表示調整
閉じる
挿絵表示切替ボタン
▼配色
▼行間
▼文字サイズ
▼メニューバー
×閉じる

ブックマークに追加しました

設定
0/400
設定を保存しました
エラーが発生しました
※文字以内
ブックマークを解除しました。

エラーが発生しました。

エラーの原因がわからない場合はヘルプセンターをご確認ください。

ブックマーク機能を使うにはログインしてください。
吸魂鬼  作者: 腰光
7/12

七. ~鬼の失意~

 冬の知らせがくる頃、長親(ながちか)から相談があると家に誘われた。

長親の家には何度か行ったことがある。長親は実家が神島(こうのしま)市からは離れているため、アパートで一人暮らしをしている。アパートは小綺麗で部屋も広めだが、長親の部屋に関してはそれは当てはまらない。大量のフィギュアや漫画、アニメのDVDにゲームで溢れており――綺麗に整頓はされているのだが――生活空間はとても狭いものとなっていた。

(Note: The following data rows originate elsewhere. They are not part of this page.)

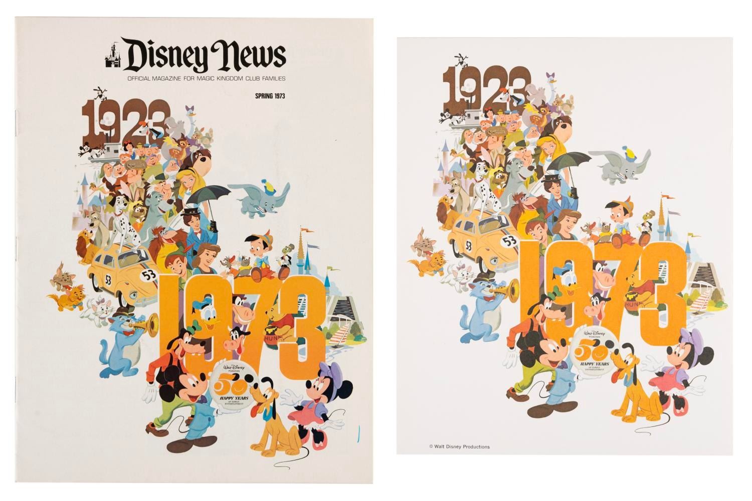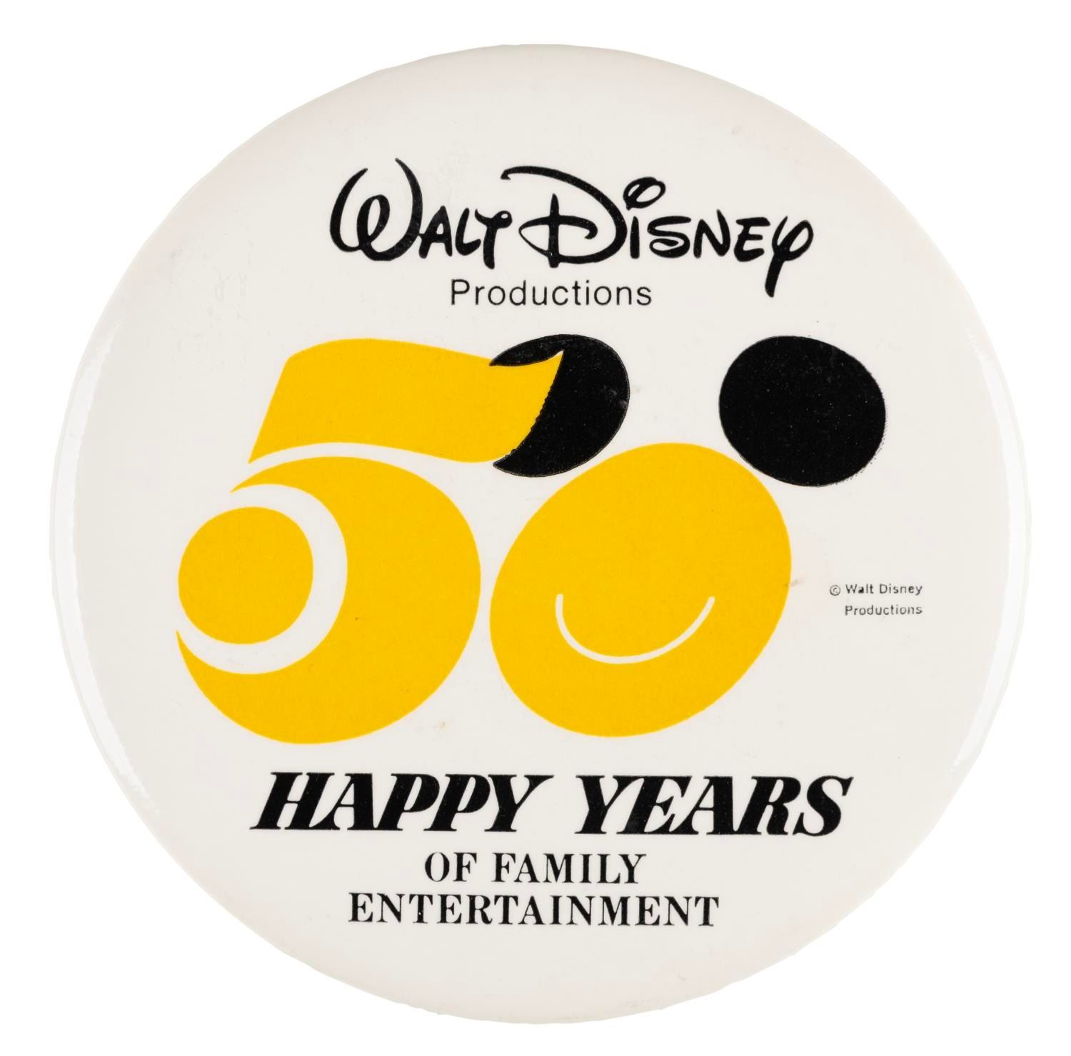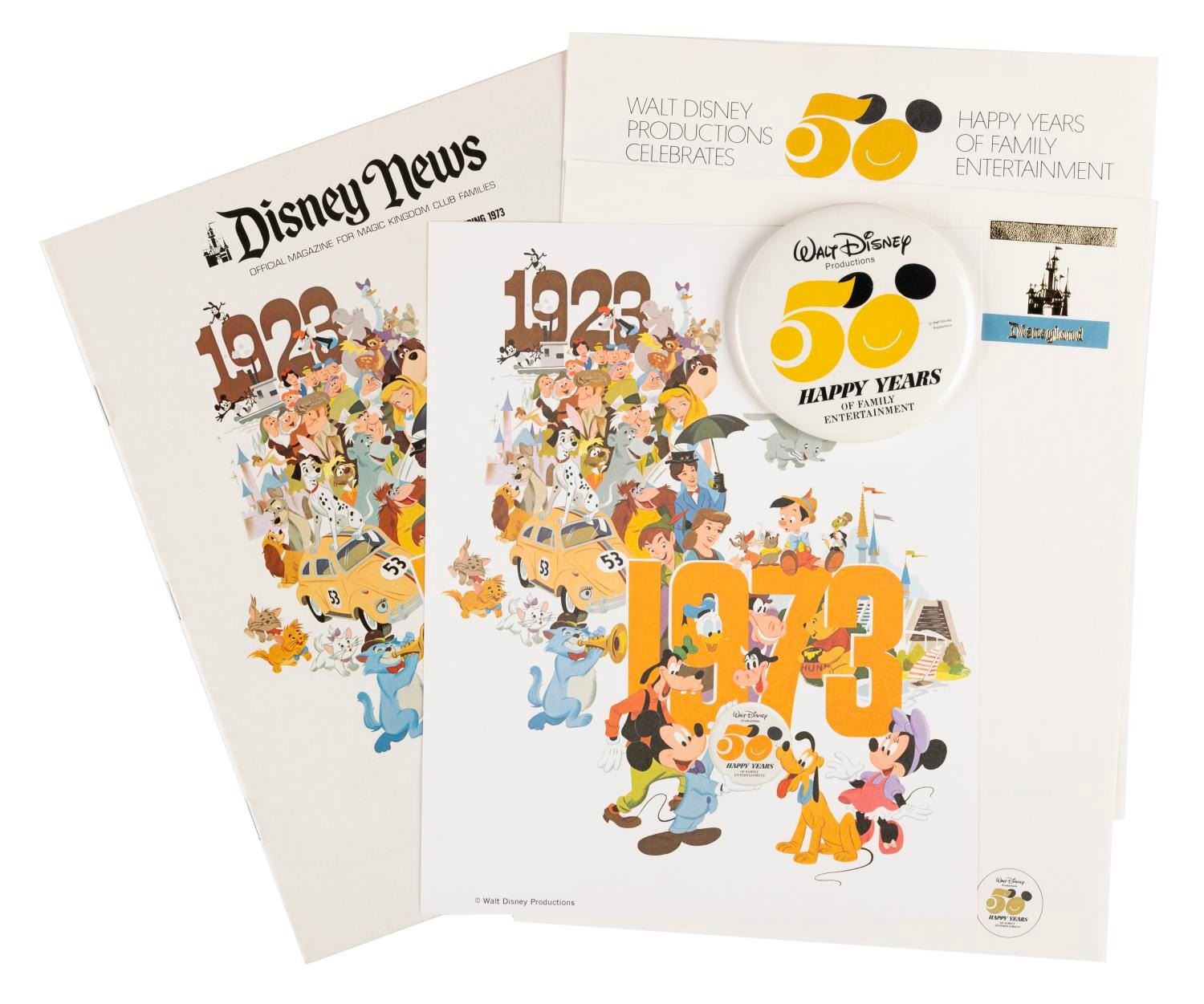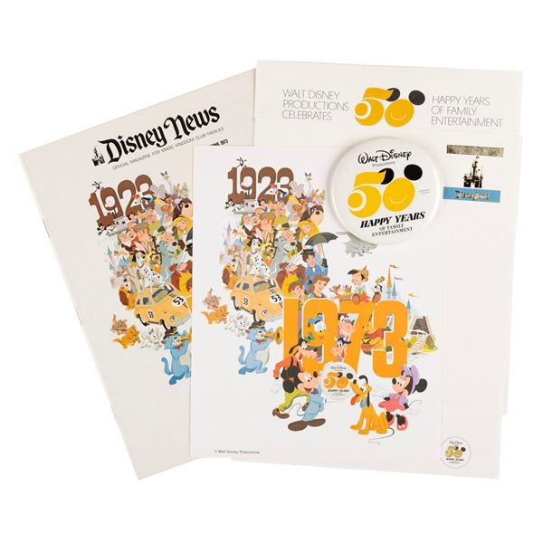 (Disney, 1973) A collection of Walt Disney Productions "50 Happy Years" letterhead and ephemera. This collection includes a pair of Disney Studios and Disneyland commemorative letterhead, Cast Member exclusive Disney News magazine and lithograph, and a 50th anniversary pinback button. The paper ephemera measures between 8.5"x11" and 8"x10", while the button measures 3.5" in diameter. The collection is in fine condition with light handling and surface wear to the Disney News magazine, and minor oxidation visible on the reverse of the button.
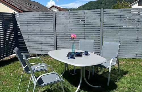 En el jardín podéis relajaros o jugar. Hay un cómodo sofá lounge, una mesa de jardín con sillas para cenar al aire libre y una zona de terraza cubierta.
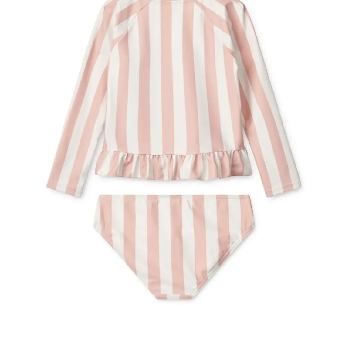 Med cool sommerfarver og søde flæsedetaljer er det todelte Dagny badetøjssæt et smart look til stranden og poolen. Det har UV40+ beskyttelse og er lavet af et hurtigtørrende stof, hvilket gør det til det ideelle valg til familietiden ved vandet. Fuldfør looket med en LIEWOOD solhat til de solrige dage.
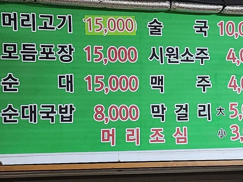 기다리는 동안 메뉴판을 살펴보았다. 순대국밥, 머릿고기, 순대 등 다양한 메뉴들이 있었지만, 나의 선택은 단 하나, ‘시래기순대국밥’이었다. 어릴 적 어머니와 함께 먹었던 그 맛을 잊을 수 없었기 때문이다. 가격은 8,000원. 요즘 물가를 생각하면 나쁘지 않은 가격이다.

 いつもはそのコレクションを眺めたり、ゲームでも始めるのだが、今日はこたつの中でコーヒーを飲みながら向かい合って静かに座っている。

「で、相談ってなんなんだ」

 黙っていても仕方ないので、俺の方から切り出した。

 できるだけ優しく言ったつもりだが、それでも長親は迷っているようである。

 よほど話しにくい内容なのかもしれない。

「その信じてもらえるかはわからないんだけど、いや、丞はきっと信じてくれると信じているよって僕は何を言っているんだろうね。ははは」

「いいから、話してみろよ。信じるかどうかは話を聞いてからだってよく言うだろう」

「うん、じゃあ話すよ……。昨日、僕は予約していたゲームを買いに行って、帰りが遅くなったんだけどね。近道をしようと思って裏道を通ってたんだ。ほら、ゲーム屋さんの近くに廃工場があるでしょ。ちょっと怖かったけど、早く帰ってゲームがしたかったんだ」

 話しながら、長親はコーヒーカップをくるくる回している。ただ回しているだけで飲むことはしない。緊張の表れであろうと俺は思った。実際、長親の話し方には緊迫したものがある。

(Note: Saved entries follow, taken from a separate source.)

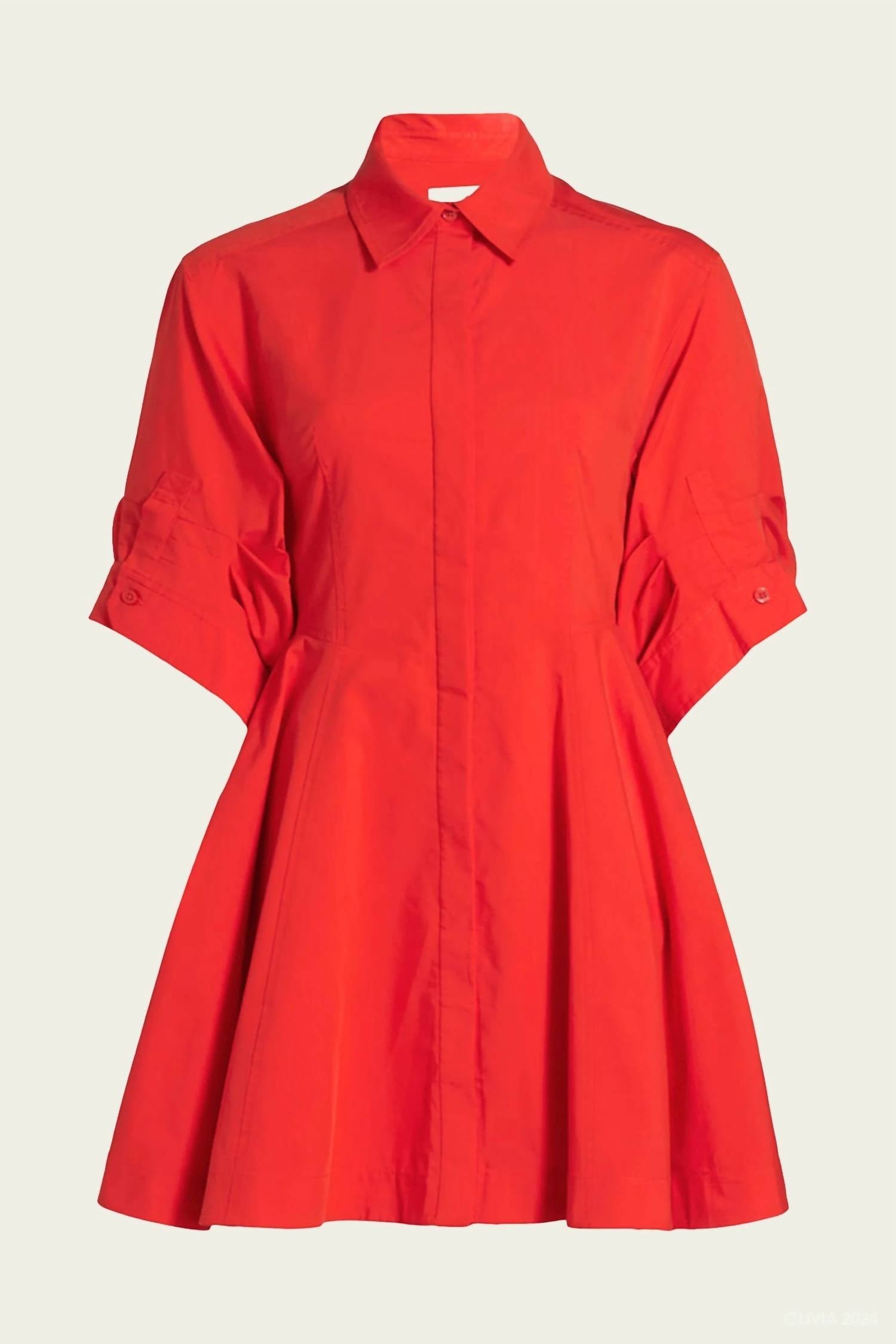 Introducing the Jazzie Short Sleeve Dress by SIMKHAI, a vibrant addition to your wardrobe in Fiery Red. This dress features elbow-length puff sleeves with button cuffs and a mini length measuring 32 inches from the shoulder. Made from a cotton blend of 63% cotton and 37% polyester, it boasts a lightweight, non-stretch poplin fabric and is fully lined with 100% cotton. Designed with a collared neck and covered button placket, it offers on-seam side pockets for added convenience. Imported from China and crafted with care, this dress requires dry cleaning to maintain its pristine look.
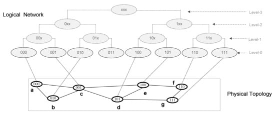 Key-invariant: Adjacent nodes in the logical network (i.e., address tree) share a common prefix and represent a connected sub-graph in the physical topology. In other words, non-empty adjacent (i.e., with common prefix) sub-trees must be connected in the physical topology.
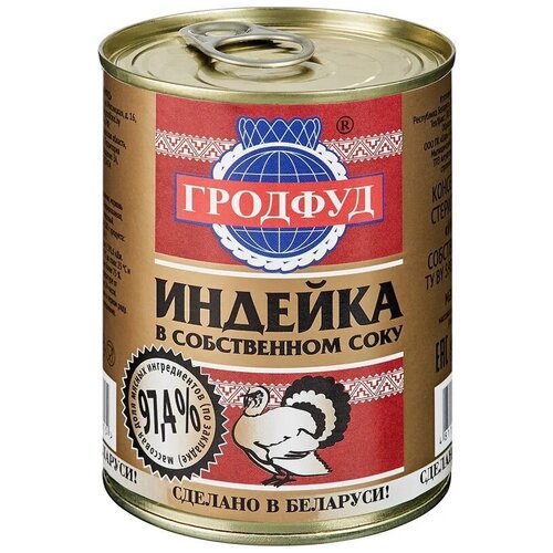 Индейка Гродфуд по-белорусски, в собственном соку, стерилизованные 2 банки по 338 грамм.
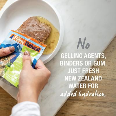 - Grain-free, lamb and salmon flavored cat food pouches that are made in New Zealand.
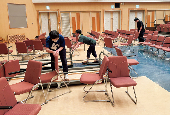 翌日21日(木)、会場の「利尻町交流促進施設どんと」では朝から舞台仕込みが始まりました。そして夕方からは俳優によるリハーサルを実施。利尻町役場の皆様も、客席の椅子を設置したり、受付を設営したりしてくださり、子どもたちを迎える準備は万端です。
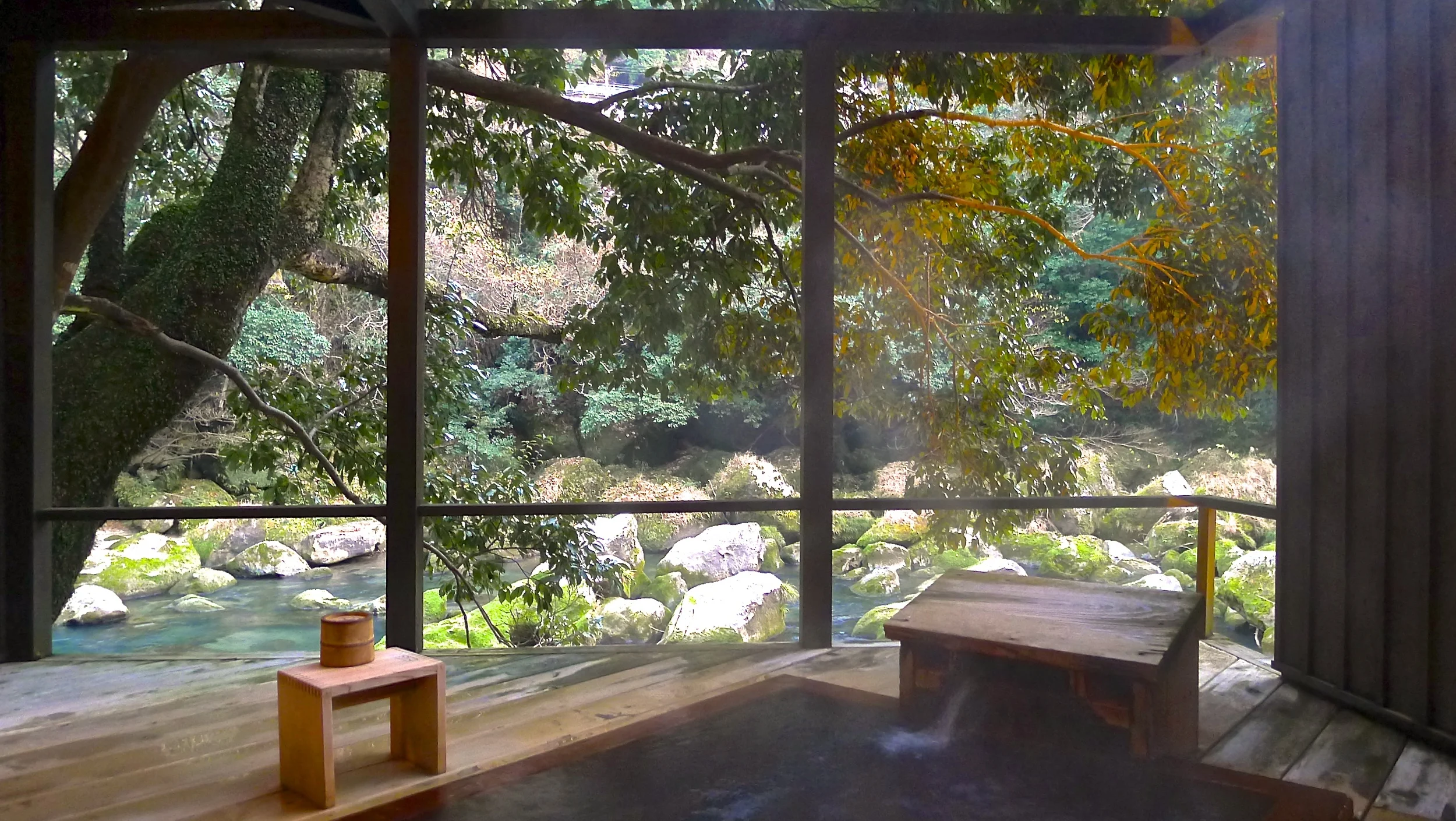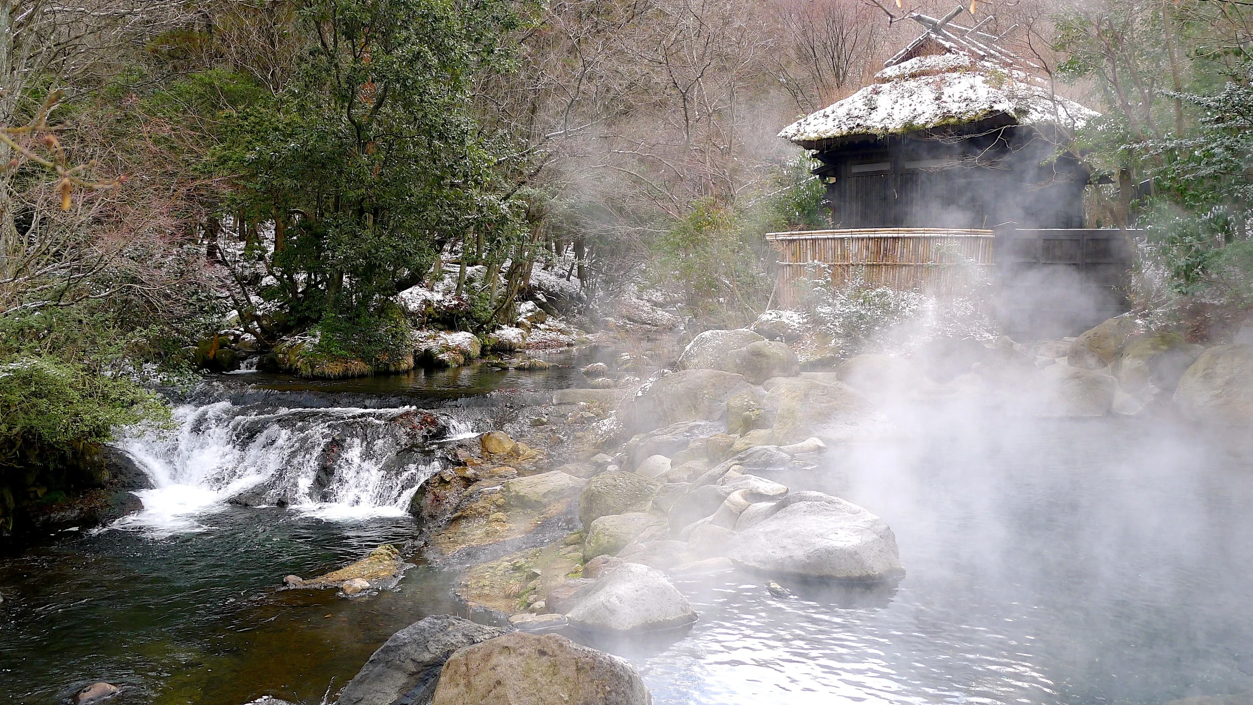 Kurokawa Onsen is a gorgeous hot spring town in the middle of the Aso volcanic region, and Yamamizuki is a standout property in this town. The star is the outdoor riverside bath, overlooking rapids and exceptionally tranquil. To be shoulder deep in the curative waters with snowflakes falling gently around is wonderful.

「廃工場に行く角を曲がろうとしたときにね、変な音がしたんだよ。怖かったんだけど、気になって僕は角から覗いてみたんだ。そしたらね……」

 長親は一旦間をおいた。

 まるで、心霊体験を話しているような長親を見て、俺も少し緊張した。

「全身に毛が生えた大きな何かが人のようなものを食べていたんだ。僕は腰を抜かして大声を出しそうになったけど、ばれないように逃げ帰ったんだ」

 その体験を思い出したのか、長親の顔が青くなっていく。

「幻でも見たんじゃないかと思ってたんだ。でも、今朝ニュースを見たら、例の廃工場で猟奇殺人があったって言うじゃないか。僕はもう怖くなって怖くなって、誰かに相談したかったんだ」

 今まで猟奇殺人の確かな目撃情報はない。長親の話が本当だとすれば、驚くべきことである。

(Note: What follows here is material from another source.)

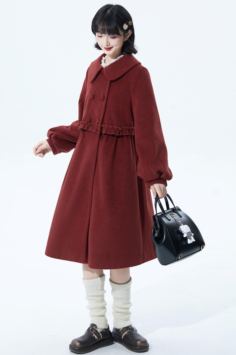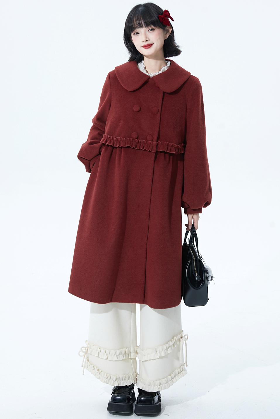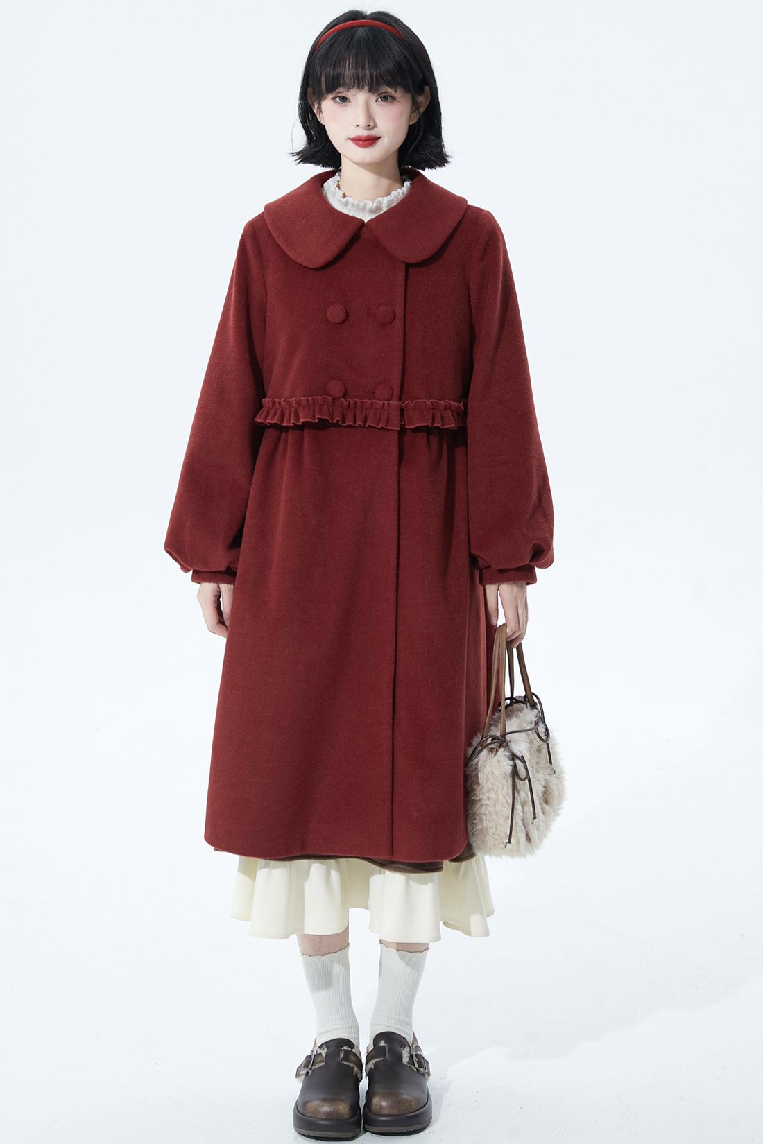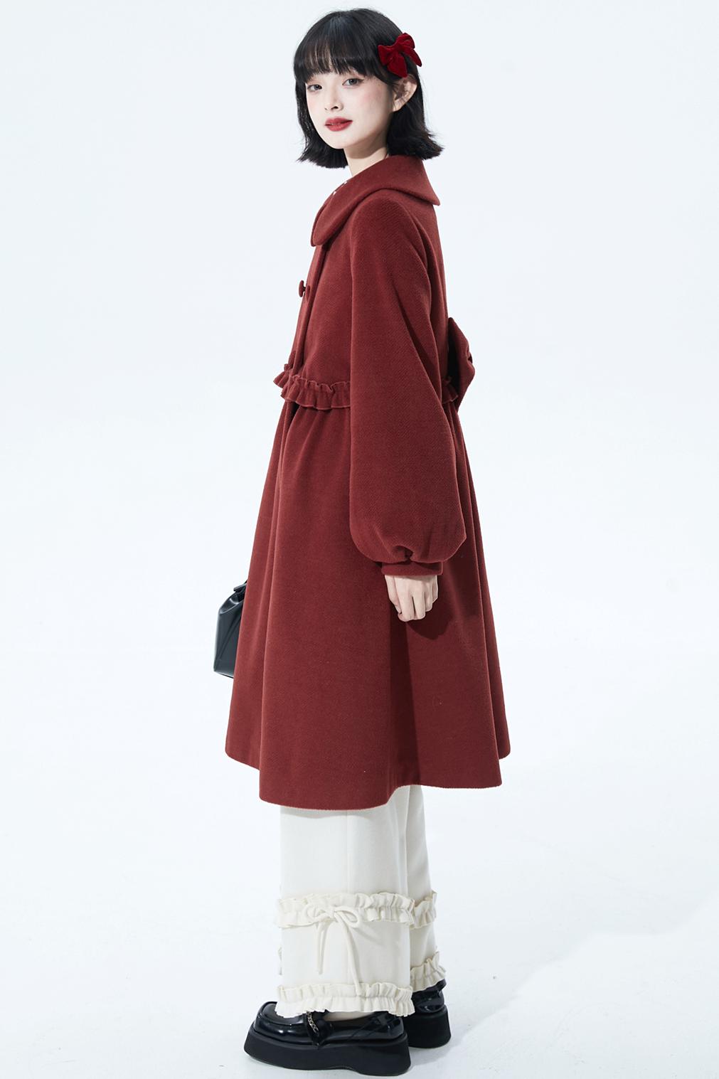 レッドラッフルウールコート

 それに、犯人と思われる何かが人ではないという点に俺は震撼した。

 温泉旅行のときに六条(ろくじょう)先生は異形の中には体型を変えるモノも少なくないと言っていた。

 桐子(とうこ)の言うように、事件は異形によって起こされているのだろうか。

「僕はどうしたらいいと思う?警察に言っても、こんな話でたらめだと思われて信じてもらえないよ。丞だけが頼りなんだ」

 確かに警察は当てにはならないだろう。俺は今必要なことは何かを考えた。

「重要なことだけど、お前が見ていたことに気づかれていないのか」

「わからないよ。僕はびっくりしてすぐに逃げちゃったし。でも、追いかけてこなかったから、気づかれてないんじゃないかな」

「楽観的になるのはやめよう。長親、とりあえず今日から俺たちの家に泊まれ。登下校も俺たちと一緒にしよう。一人でいることは危険だと思う」

「丞は信じてくれるのかい」

「本当かどうかはわからないけど、もし、お前が危険な目にあった後に後悔はしたくないからな。なんてったって俺たちは友達だろう。はは、一回言ってみたかったんだ」

 俺の言葉に感動したのか、長親は目に涙を浮かべて抱きついてきた。クラスの女子たちがこの光景を見たら、発狂ものだろう。


 長親を連れて家に帰ると、柚葉(ゆずは)(かえで)さんに理由を話して、しばらく長親を家に泊めてもらえるように頼んだ。さすがに異形のことは話さず、犯人を見たということだけを伝えたが、楓さんはたいそう興味をもった。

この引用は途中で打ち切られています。